Copy all lines below that use the word "used".

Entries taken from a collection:
BEGIN
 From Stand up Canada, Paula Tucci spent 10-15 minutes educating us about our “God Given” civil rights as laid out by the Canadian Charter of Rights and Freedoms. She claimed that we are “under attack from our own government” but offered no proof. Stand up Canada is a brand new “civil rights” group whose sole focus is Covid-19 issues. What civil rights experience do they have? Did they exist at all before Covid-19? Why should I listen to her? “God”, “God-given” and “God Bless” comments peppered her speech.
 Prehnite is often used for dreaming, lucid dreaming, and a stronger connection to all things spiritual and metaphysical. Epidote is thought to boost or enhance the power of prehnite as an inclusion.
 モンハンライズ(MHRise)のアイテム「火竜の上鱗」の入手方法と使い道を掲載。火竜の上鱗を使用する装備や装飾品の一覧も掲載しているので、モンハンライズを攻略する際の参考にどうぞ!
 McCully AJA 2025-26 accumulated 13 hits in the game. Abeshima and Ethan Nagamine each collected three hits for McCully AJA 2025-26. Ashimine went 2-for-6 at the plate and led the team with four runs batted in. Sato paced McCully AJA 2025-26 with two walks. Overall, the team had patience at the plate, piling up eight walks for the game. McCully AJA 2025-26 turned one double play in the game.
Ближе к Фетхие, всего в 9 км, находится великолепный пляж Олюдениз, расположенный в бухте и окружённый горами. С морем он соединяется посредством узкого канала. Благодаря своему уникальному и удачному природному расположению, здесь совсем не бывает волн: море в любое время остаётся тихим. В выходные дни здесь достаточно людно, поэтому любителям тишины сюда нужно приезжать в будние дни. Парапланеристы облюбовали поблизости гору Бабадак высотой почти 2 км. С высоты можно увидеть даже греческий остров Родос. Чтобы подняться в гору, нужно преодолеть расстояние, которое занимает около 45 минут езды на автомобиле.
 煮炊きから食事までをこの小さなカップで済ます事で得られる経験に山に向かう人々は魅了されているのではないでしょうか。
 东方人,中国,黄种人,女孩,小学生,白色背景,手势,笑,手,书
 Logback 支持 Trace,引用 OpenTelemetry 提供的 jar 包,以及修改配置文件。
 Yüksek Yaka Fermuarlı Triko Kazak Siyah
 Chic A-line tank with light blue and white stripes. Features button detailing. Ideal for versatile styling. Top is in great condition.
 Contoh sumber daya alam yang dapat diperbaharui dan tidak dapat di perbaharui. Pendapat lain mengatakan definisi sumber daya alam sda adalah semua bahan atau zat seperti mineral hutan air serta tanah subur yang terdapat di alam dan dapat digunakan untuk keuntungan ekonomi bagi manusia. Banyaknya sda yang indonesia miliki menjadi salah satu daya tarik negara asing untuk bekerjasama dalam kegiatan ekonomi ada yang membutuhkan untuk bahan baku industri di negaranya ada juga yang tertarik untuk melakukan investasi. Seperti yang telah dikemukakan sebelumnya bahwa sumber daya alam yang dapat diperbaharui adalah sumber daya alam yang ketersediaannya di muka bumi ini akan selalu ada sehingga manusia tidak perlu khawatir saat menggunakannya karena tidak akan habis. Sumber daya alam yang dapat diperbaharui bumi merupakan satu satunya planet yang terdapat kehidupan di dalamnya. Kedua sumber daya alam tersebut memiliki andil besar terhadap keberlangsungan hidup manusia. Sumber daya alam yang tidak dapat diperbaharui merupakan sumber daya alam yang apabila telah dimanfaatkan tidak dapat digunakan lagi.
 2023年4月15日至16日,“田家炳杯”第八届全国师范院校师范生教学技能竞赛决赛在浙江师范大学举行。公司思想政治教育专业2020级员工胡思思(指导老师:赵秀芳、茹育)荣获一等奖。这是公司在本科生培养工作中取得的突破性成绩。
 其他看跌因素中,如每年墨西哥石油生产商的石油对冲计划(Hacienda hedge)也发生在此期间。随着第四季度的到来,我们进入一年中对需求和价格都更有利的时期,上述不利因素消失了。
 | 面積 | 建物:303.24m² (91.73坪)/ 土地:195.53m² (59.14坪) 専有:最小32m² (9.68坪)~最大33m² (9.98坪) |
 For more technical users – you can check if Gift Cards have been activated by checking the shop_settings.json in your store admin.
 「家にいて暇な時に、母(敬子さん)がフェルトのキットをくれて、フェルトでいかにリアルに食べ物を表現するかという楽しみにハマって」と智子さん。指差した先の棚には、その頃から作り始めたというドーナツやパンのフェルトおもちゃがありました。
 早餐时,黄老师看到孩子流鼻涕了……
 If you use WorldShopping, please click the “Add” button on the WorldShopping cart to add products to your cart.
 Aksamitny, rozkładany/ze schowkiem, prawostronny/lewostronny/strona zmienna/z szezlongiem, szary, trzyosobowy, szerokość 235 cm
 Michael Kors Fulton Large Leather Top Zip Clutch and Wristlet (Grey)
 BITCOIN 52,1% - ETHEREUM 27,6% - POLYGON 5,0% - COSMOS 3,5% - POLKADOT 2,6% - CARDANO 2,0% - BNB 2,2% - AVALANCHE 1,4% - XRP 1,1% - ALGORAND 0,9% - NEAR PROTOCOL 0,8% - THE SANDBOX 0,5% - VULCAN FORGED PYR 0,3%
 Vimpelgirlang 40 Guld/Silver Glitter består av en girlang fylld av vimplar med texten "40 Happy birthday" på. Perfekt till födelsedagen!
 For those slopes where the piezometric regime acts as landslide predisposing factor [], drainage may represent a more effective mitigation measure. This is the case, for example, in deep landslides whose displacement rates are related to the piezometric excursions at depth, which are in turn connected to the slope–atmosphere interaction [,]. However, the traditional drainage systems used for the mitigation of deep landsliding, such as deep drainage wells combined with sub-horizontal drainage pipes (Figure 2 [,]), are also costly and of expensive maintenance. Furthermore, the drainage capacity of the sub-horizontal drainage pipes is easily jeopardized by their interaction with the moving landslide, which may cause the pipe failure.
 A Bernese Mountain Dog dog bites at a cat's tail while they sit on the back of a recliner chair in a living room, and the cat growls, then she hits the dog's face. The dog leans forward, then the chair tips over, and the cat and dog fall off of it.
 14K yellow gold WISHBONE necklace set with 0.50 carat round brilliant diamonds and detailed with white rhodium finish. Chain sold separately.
END
◆ **RESULT BELOW**:
 Prehnite is often used for dreaming, lucid dreaming, and a stronger connection to all things spiritual and metaphysical. Epidote is thought to boost or enhance the power of prehnite as an inclusion.
 For those slopes where the piezometric regime acts as landslide predisposing factor [], drainage may represent a more effective mitigation measure. This is the case, for example, in deep landslides whose displacement rates are related to the piezometric excursions at depth, which are in turn connected to the slope–atmosphere interaction [,]. However, the traditional drainage systems used for the mitigation of deep landsliding, such as deep drainage wells combined with sub-horizontal drainage pipes (Figure 2 [,]), are also costly and of expensive maintenance. Furthermore, the drainage capacity of the sub-horizontal drainage pipes is easily jeopardized by their interaction with the moving landslide, which may cause the pipe failure.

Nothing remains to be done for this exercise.